Week 11/12 (August 5 - August 18)
- Monitor the app in production, and fix production errors.
- Publishing the rust binding crate to crates.io .
- Start working on other IE integration aspects.
Stretch goals (August 19 onwards )
- If we don’t run into unexpected error, my task in hand will be to work on 2 more IA integrations:
- Re-archiving links which can be changed later by artists, like Spotify, iTunes.
- MusicBrainz DB Dumps automation.
Detailed Information About Yourself
My name is Ashutosh Aswal. I am a senior pursuing Bachelors in CSE from Punjab Engineering College, Chandigarh, India. Having contributed to android projects before in MetaBrainz, now I want to explore new domains of tech and gain hands-on experience.
Tell us about the computer(s) you have available for working on your SoC project!
I have my HP Pavilion ec0101ax running Arch Linux, with Ryzen 5 3550H and 24 gigs of RAM.
When did you first start programming?
I began my programming journey with C++ in 11th grade.
What type of music do you listen to? (Please list a series of MBIDs as examples.)
I mostly listen to Indie music artists like The Local Train, Nikhil D’Souza, Anuj Jain etc.
What aspects of the project you’re applying for interest you the most?
I like exploring new tools and languages in my free time. In recent times, I started exploring rust, and wanted to build some stuff with it. Other than that, I like how this particular project is introducing different software engineering concepts which I have only read about, and would get a change to implement them.

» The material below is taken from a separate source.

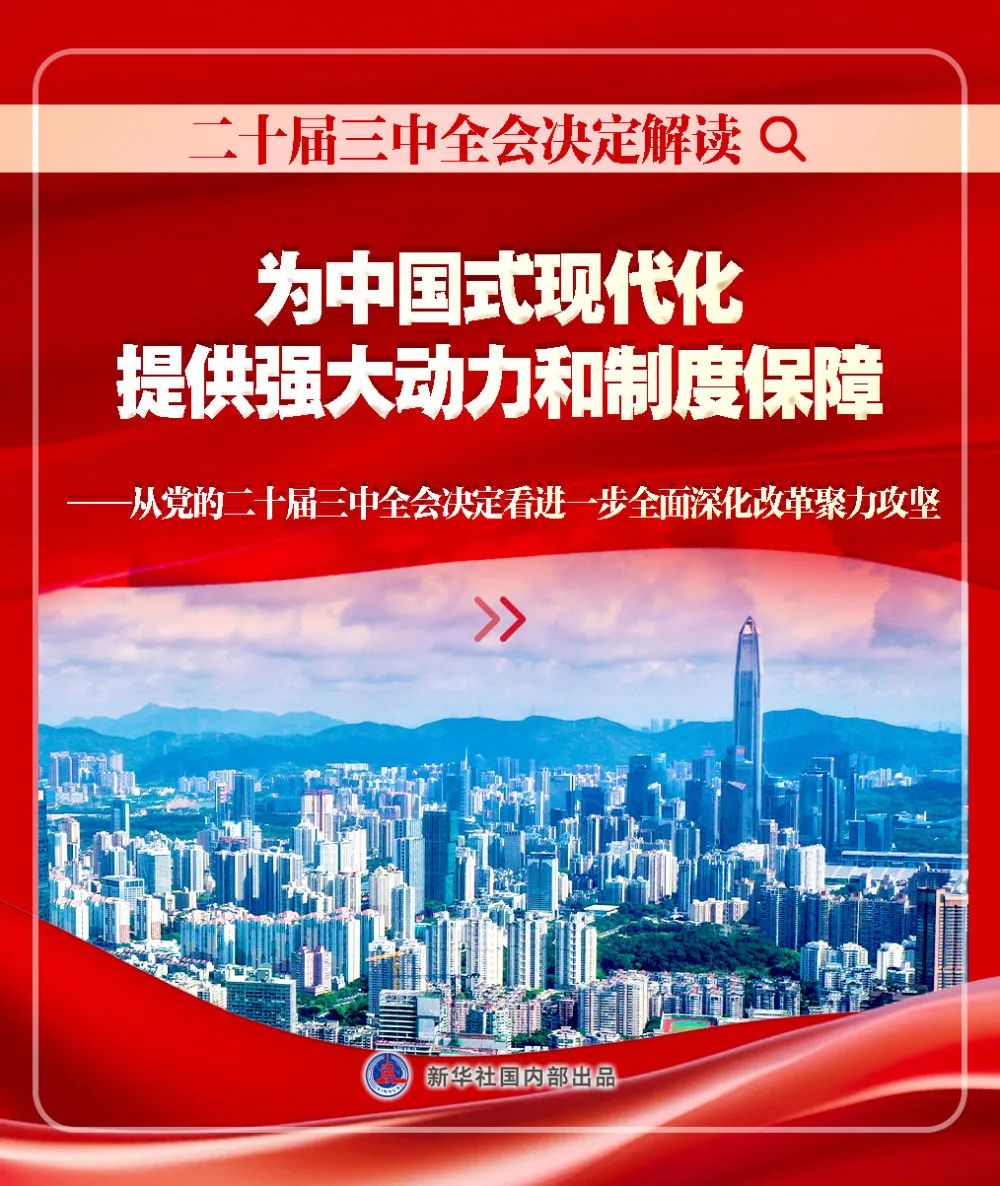 7月21日,《中共中央关于进一步全面深化改革、推进中国式现代化的决定》发布。新华社推出一系列解读报道,深入阐释党的二十届三中全会决定。点击海报,阅读全文↓↓

Have you ever used MusicBrainz to tag your files?
Yes, I have.
Have you contributed to other Open Source projects? If so, which projects and can we see some of your code?
I have earlier contributed to the Metabrainz android projects, musicbrainz-android, and listenbrainz-android.

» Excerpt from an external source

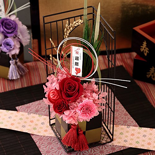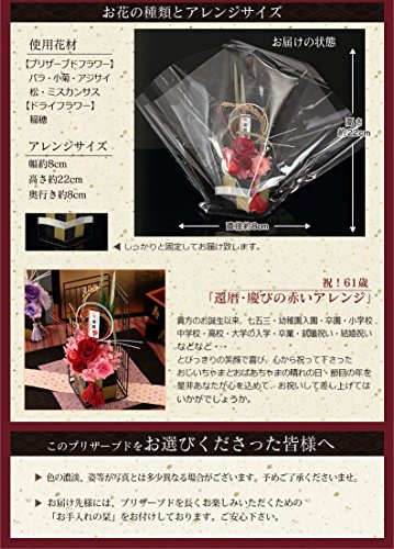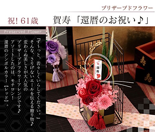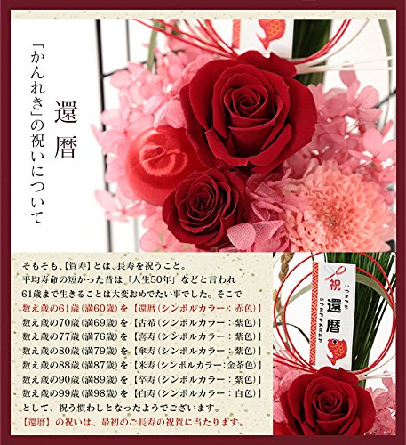 BunBunBee 賀寿のお祝いプリザーブドフラワー【還暦 古希 喜寿 傘寿 米寿 卒寿 白寿】 (賀寿61歳「還暦のお祝い」(赤))

Here are my contributions to musicbrainz-android and listenbrainz-android.
What sorts of programming projects have you done on your own time?
I have prior experience in android development, and in my free time, I love to explore different tech stacks and frameworks.
- i-remember: A CLI tool in rust to save shell commands, batch them, and reuse them. (WIP)
- codes-practice : A React app to show my code solutions to various algorithmic problems, and competitive programming problems.
- Apart from them, I have many undeployed, half-baked, good-for-nothing projects I cook in free time, that you can see on my GitHub or Portfolio.
How much time do you have available, and how would you plan to use it?
I will be working ~30 hours per week on the project.